北海道寝台特急最終章へ…。(6)

(写真)道内の秋口の天気は周期的だ。曇りとなれば、こういう絵もアリかも?寝台特急「カシオペア」。
室蘭本線 北舟岡にて。2006年9月20日撮影。
EF300㎜ F/2.8LⅢ+Ex.1.4× 1/250sec f:4.5 ISO:400 動体予測機能併用。
道内の秋口の天気は周期的だ。
うまい具合に晴れの日が続けば、朝の寝台特急列車群からいい感じで撮影できるのだが、実際には中々そういかないこともある。

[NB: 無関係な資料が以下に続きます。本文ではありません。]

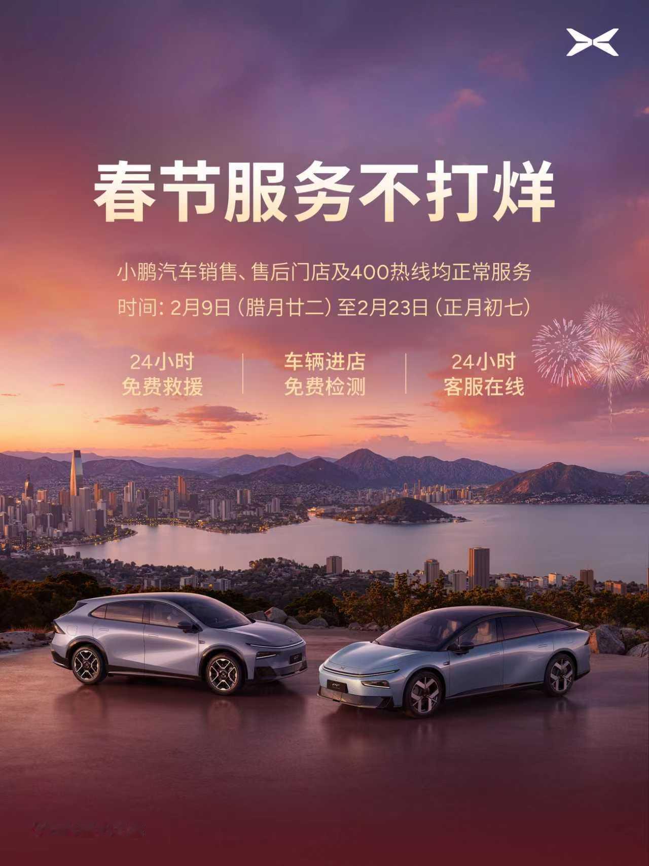 为护航春运出行,小鹏汽车已提前对高速及热门景区周边充电网络完成专项巡检维护,保障补能效率。春节期间,全国销售、售后门店将安排专人值守,24小时免费道路救援与客服热线实时响应,并为车主提供关键部件免费检测服务,全方位守护车主出行安全,用实际行动保障团圆之路畅通大v聊车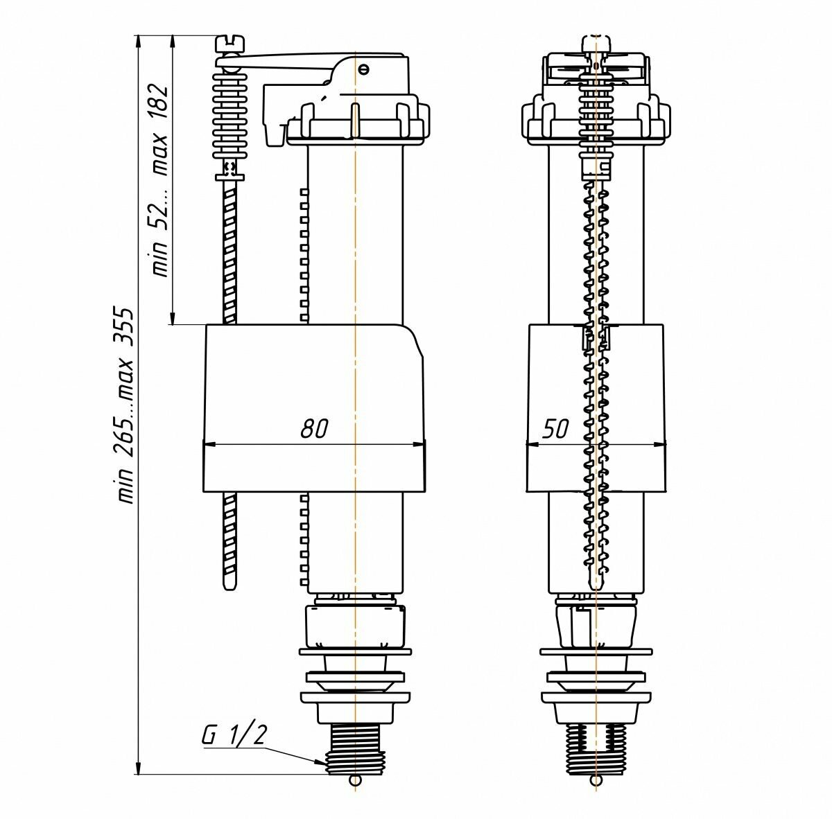 Арматура боковая для бачка АНИ Пласт 265х85 мм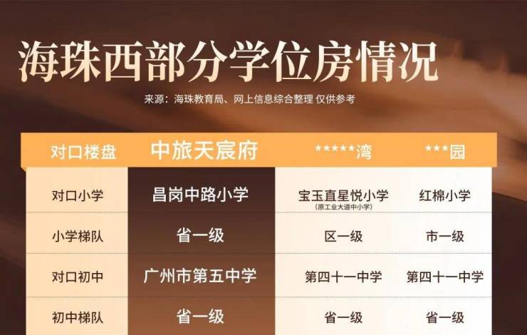 中旅·天宸府不一样。根据去年招生公告,项目对口的昌岗中路小学,直升广州市五中附属初级中学。(具体入读政策,以教育局最新公布为准)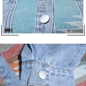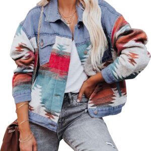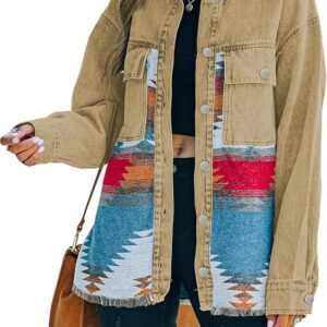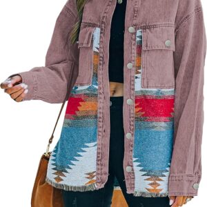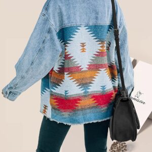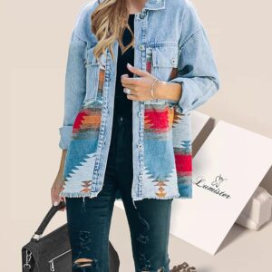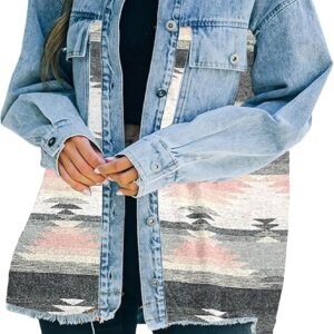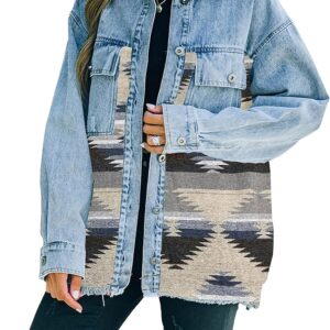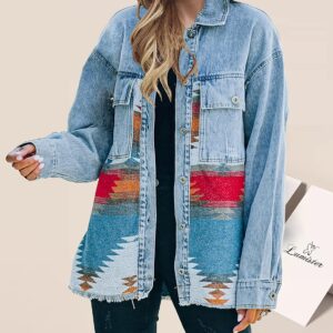 Lumister Women’s Aztec Denim Jacket Distressed Lapel Long Sleeve Vintage Button Down Denim Jacket Shacket

今回紹介する写真は、2006年の秋口に北海道に渡った時に撮影したもの。
この日は、朝方に前線が通過したばっかりで、起きてみたら、雨は上がったものの、風が強くてはっきりしない天気。
「さぁ、困った…。曇りか…。」
となれば、
「空を覆い隠して、晴れたら影が出てダメな場所。」
で撮影するしかない。
以前から考えていた、北舟岡駅の歩道橋上から撮影するアングルで行くことに。
現場に到着したものの、海からの風が強くて肌寒い。しっかり押さえていないと、三脚が飛ばされそうだ。
三脚とレンズをセットして、実際にアングルを固めていく。
時計は7時を過ぎた。間もなく「カシオペア」が通過する。列車接近の放送が鳴る。
やがて、画面左奥からDD重連と「カシオペア」の客車が見えてきた。恐らく編成は直線に載るだろう。

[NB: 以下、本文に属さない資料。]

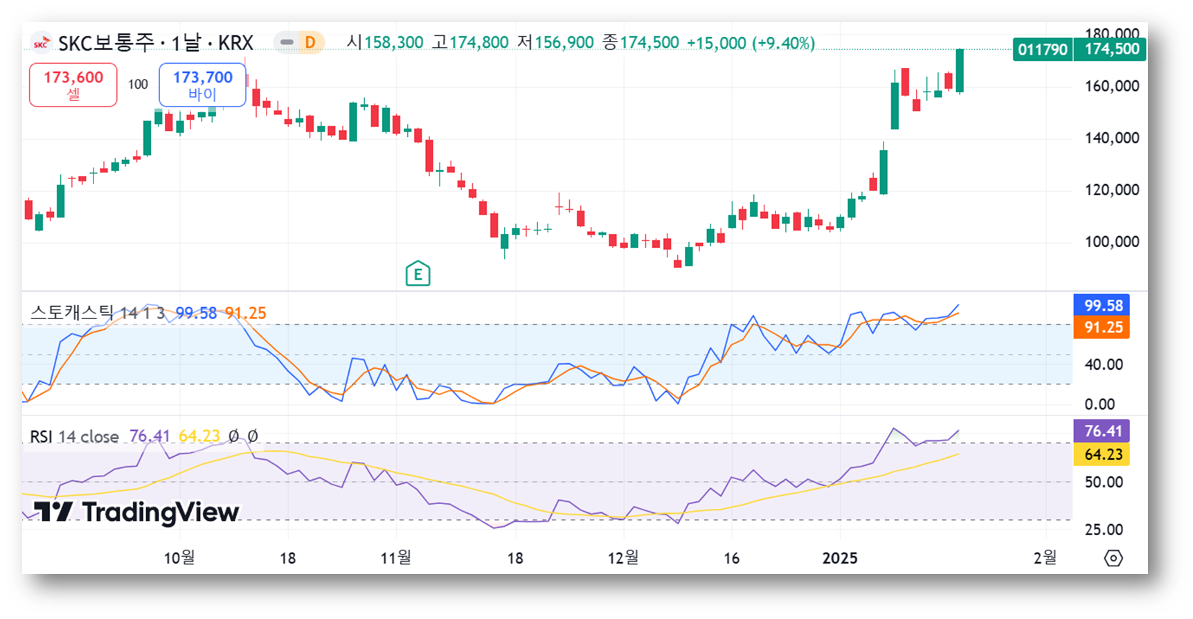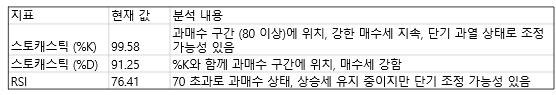 스토캐스틱과 RSI 모두 과매수 구간에 진입해 상승 모멘텀은 강하지만, 단기적인 과열 상태로 조정 가능성이 있어 보입니다. 주가가 과매수 구간에서 장기적으로 머물 경우 추가 상승 가능성도 있지만, 조정 시 주요 지지선을 확인해야 합니다.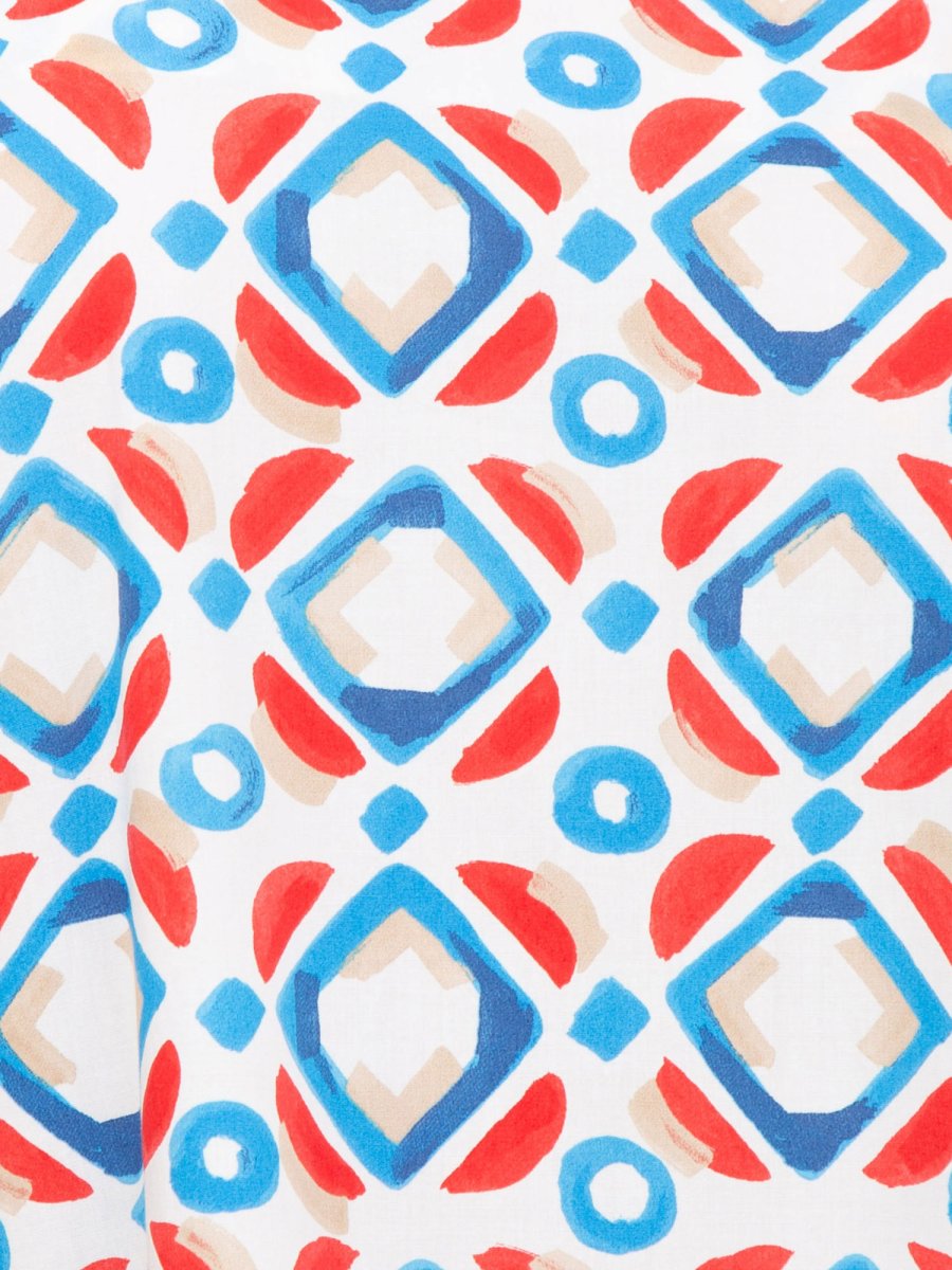 Abito corto Marella in popeline di cotone stretch a fantasia, linea svasata con piega sul fondo. Scollo rotondo, senza maniche con coulisse sulle spalle. Chiusura a goccia con bottone sul retro, tasche inserite sul fianco.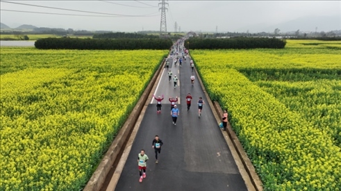 來自海內(nèi)外的1萬余名專業(yè)運(yùn)動(dòng)員和馬拉松愛好者在云南羅平縣的花海中奔跑。何新文攝
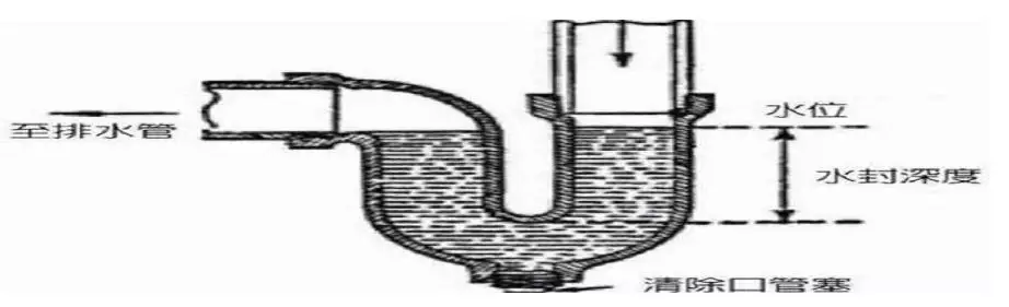 在建筑排水管道中,水封指的是設(shè)在衛(wèi)生器具排水口下,用來(lái)抵抗排水管內(nèi)氣壓差變化,防止排水管道系統(tǒng)中氣體竄入室內(nèi)的一定高度的水柱,通常用存水彎來(lái)實(shí)現(xiàn)。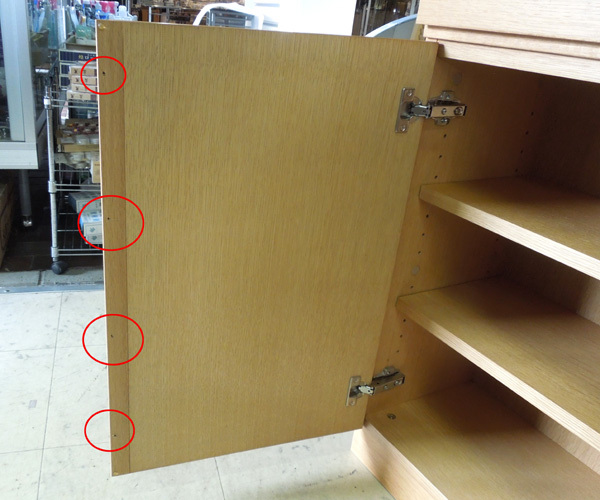 こちらはUSED品です。正面向かって左側の扉内部にネジ穴跡が4箇所あります。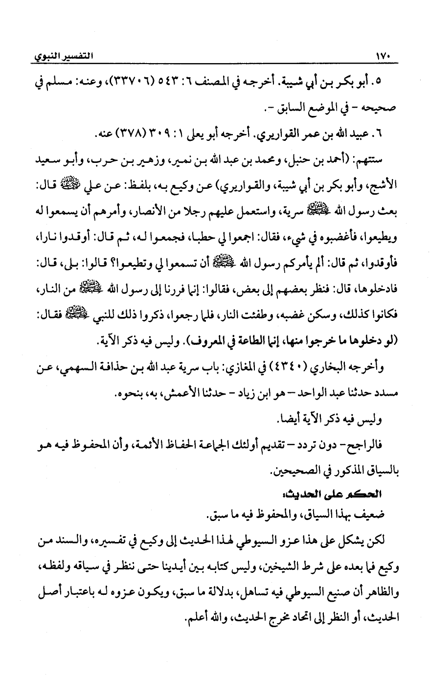 ستتهم: (أحمد بن حنبل، ومحمد بن عبد الله بن نمير، وزهير بن حرب، وأبو سعيد الأشج، وأبو بكر بن أبي شيبة، والقواريري) عن وكيع به، بلفظ: عن علي -رضي الله عنه- قال: بعث رسول الله -صلى الله عليه وسلم- سرية، واستعمل عليهم رجلا من الأنصار، وأمرهم أن يسمعوا له ويطيعوا، فأغضبوه في شيء، فقال: اجمعوا لي حطبا، فجمعوا له، ثم قال: أوقدوا نارًا، فأوقدوا، ثم قال: ألم يأمركم رسول الله -صلى الله عليه وسلم- أن تسمعوا لي وتطيعوا؟ قالوا: بلى، قال: فادخلوها، قال: فنظر بعضهم إلى بعض، فقالوا: إنما فررنا إلى رسول الله -صلى الله عليه وسلم- من النار، فكانوا كذلك، وسكن غضبه، وطفئت النار، فلما رجعوا، ذكروا ذلك للنبي -صلى الله عليه وسلم- فقال: (لو دخلوها ما خرجوا منها، إنما الطاعة في المعروف). وليس فيه ذكر الآية.

決めていたところからやや手前からピントを追わせて、キリのいいところから切り始めた。
結果はごらんのとおり。
普段あまりこういう絵は撮らないのだが、DD重連が圧縮されて、編成が直線状になった。
ただ、別の意味で、旅客DD重連牽引列車の魅力を伝えられたような気がする。
ここの所、ブログで北海道寝台特急列車の話を中心に書いているのだが、改めて撮った写真を見返すたびに、
「やっぱり、DD星ガマ重連の寝台特急列車が好きなんだなぁ。」
と思ってしまうのである。
北海道定期寝台列車運転終了まであと5か月余り…。
過去のライブラリが中心になってはしまうけど、今まで思いをぶつけてきた写真をできる限り紹介していきたい。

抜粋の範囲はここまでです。